Closeup of a black scroll against a white wall with small rectangles and ovals cut out of it.
Score for telix (detail), 2017. Handcut paper; approx. 108 x 10 in. Image courtesy of the artist.
Closeup of a black scroll against a white wall with small rectangles and ovals cut out of it.
Score for telix (detail), 2017. Handcut paper; approx. 108 x 10 in. Image courtesy of the artist.

Past exhibition

Thessia Machado: Toward the Unsound

About the Exhibition

Indulging in the physical nature of sound and connecting it to natural phenomena, New York–based visual/sonic artist and performer Thessia Machado builds a meta-instrument whose reverberations tap into the expressive potential of a place. Throughout the installation, a DIY circuit of electrical wire vines, speaker blooms, and light-sensitive tendrils overtake a massive section of the gallery; The Arts Club’s electromagnetic profile generates content for a series of audio vignettes; and the aural is made visual through sculptural depiction of soundwaves and frequency spectra as architectural interventions. Machado’s practice has evolved organically from sculpture to sound, eventually aligning with the legacy of experimental music and hand-made instruments. Toward the Unsound takes us through an abridged progression of her practice from one art form to another, concluding with a festival of noise-based performance.

This exhibition is curated by Jenna Lyle.

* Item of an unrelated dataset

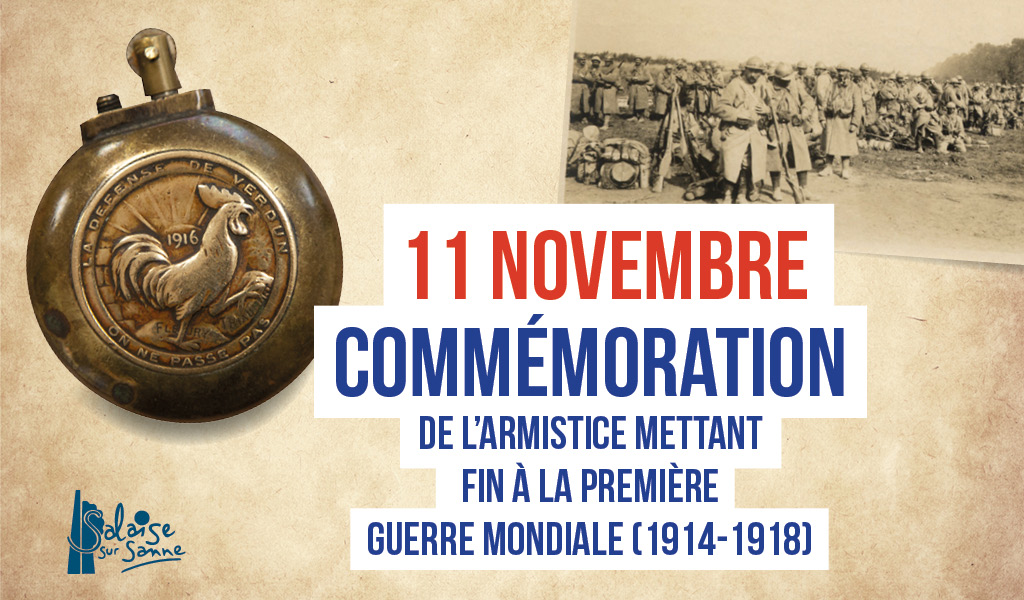 Le conseil municipal de Salaise sur Sanne vous invite à participer à la Commémoration de l’Armistice mettant fin à la première guerre mondiale 1914 - 1918 Mardi 11 novembre 2025 Rassemblement à 11h15 devant la mairie Départ du défilé à 11h30 précises pour se rendre au monument aux morts où une gerbe sera déposée.

Catalogues from the exhibition can be purchased in the Arts Club of Chicago online shop.

About the Artist

Thessia Machado’s installations and video pieces have been exhibited in New York, London, Philadelphia, Paris, Amsterdam, Dublin, Berlin, and Athens. She has been awarded residencies at Homesession, Barcelona, the NARS Foundation, NY, I-Park, MacDowell Colony, Yaddo, the Atlantic Center for the Arts, the Irish Museum of Modern Art, and the Vermont Studio Center. Machado is a recipient of fellowships from the New York Foundation for the Arts, The Experimental Television Center, The Bronx Museum, and the American Academy in Berlin. In 2017 she was a recipient of an Artists Grant from the Foundation for Contemporary Arts.